LLM as a judge
With the robust growth of LLM models currently, there is a new method used to evaluate the performance of large language models (LLMs): LLM-as-a-Judge, also known as LLM-evaluators. This approach takes advantages of other advanced language models to assess the quality and effectiveness of responses generated by other LLMs.
Introduction
LLM-as-a-Judge is a powerful solution that uses LLMs to evaluate LLM responses based on any specific criteria of your choice, which means using LLMs to carry out LLM (system) evaluation. This approach offers an alternative to traditional human evaluation, which can be both costly and time-consuming. The LLM-as-a-Judge framework encompasses three main types:
Single output scoring (without reference): In this approach, a judge LLM is given a scoring rubric and asked to evaluate LLM responses. The assessment can consider various factors, including the input provided to the LLM system and the retrieval context in Retrieval-Augmented Generation (RAG) pipelines.

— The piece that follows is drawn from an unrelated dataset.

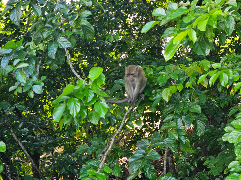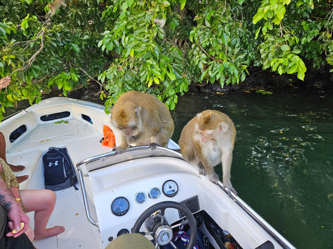 它们会爬到船上,看看自己想吃什么,然后又回到树上消化它们的食物。小香蕉和苹果似乎是它们的最爱,能吸引它们的兴趣。

Single output scoring (with reference): This method is similar to the first, but it includes a reference or ideal output. This addition helps the judge LLM provide more consistent scores, addressing potential inconsistencies that may arise in LLM judgments.
Pairwise comparison: The judge LLM compares two LLM-generated outputs and determines which is superior based on the given input. This approach requires a predefined set of criteria to establish what constitutes a “better” response.
Example:
prompt= """
Given the folowing question and answer, evaluate how good the answer is for the question. Use the score from 1 to 5:
Q: {{question}}
A: {{answer}}
Score:
"""
The idea is simple: give an AI language model a set of criteria and let it evaluate responses for you.
Problems
As you might expect, LLM judges are not all rainbows and sunshines. They also suffer from several drawbacks, which includes:
- Inconsistency: LLM can be reliable judges when making high-level decisions, such as determining binary factual correctness or rating generated text on a simple 1–5 scale. But when you ask them to use more detailed scoring systems, they start to struggle. The more precise you ask them to be, the more likely they are to give random or unreliable scores. It’s like asking someone to judge the exact shade of blue in the sky - they might be fine saying if it’s light or dark, but they’ll have a hard time giving an exact color code.
- Narcissistic bias: Humans have biases, and so do AI judges, LLM model favors its own responses over the responses generated by other models/systems. This bias can lead to overly positive evaluations of its own performance and underestimations of other models’ capabilities.
- Position bias: When using LLM judges for pairwise comparisons, it has been shown that LLMs such as GPT-4 generally prefer the first generated LLM output over the second one.
- Hallucination: LLMs can sometimes generate false information, which can lead to incorrect evaluations.
Improving LLM judgements
Chain-of-thought prompting
Chain-of-thought (CoT) prompting helps LLM explain their thinking step-by-step. When using this method for AI evaluators, we make them reasoning detailed instructions on how to judge, rather than vague guidelines. This approach helps the AI make more accurate and consistent evaluations. It also makes the AI’s judgments more in line with what humans would expect.
prompt= """
Decide if the following summary is consistent with the corresponding article. Note that
consistency means all information in the summary is supported by the article.
Article: [Article]
Summary: [Summary]
Explain your reasoning step by step then answer (yes or no) the question:
"""
Confining LLM judgements
Instead of giving LLMs the entire generated output to evaluate, you can consider breaking it down into more fine-grained evaluations. For example, for question-answer-generation (QAG), you can first extract all sentences in output and pass each of them through LLM with prompt = Is this sentence relevant to the input? answer yes or no only
. After that, calculate the proportion of relevant sentences. This proportion becomes the “answer relevancy score.”
Using LLM judges in LLM evaluation metrics
LLM judges can be and are currently most widely used to evaluate LLM systems by incorporating it as a scorer in an LLM evaluation metric.
Fine-tuning LLM judges
Fine-tuning LLM judges can help improve their performance. This involves training the LLM on a dataset of examples where the correct score is already known. This can help the LLM learn to be more consistent and accurate in its evaluations.
Conclusion
LLM-as-a-Judge contributes a significant impact to the field of AI evaluation. By leveraging the power of advanced language models to evaluate other models, we’re entering a new era of more accurate, scalable, and insightful AI assessment. While challenges remain, such as potential biases and the need for careful prompt engineering, the benefits of this approach are clear.
As LLMs continue to evolve and improve, as well as their ability to serve as judges. The relationship between LLMs and AI evaluation is likely to become even more symbiotic, with each side benefiting from the other.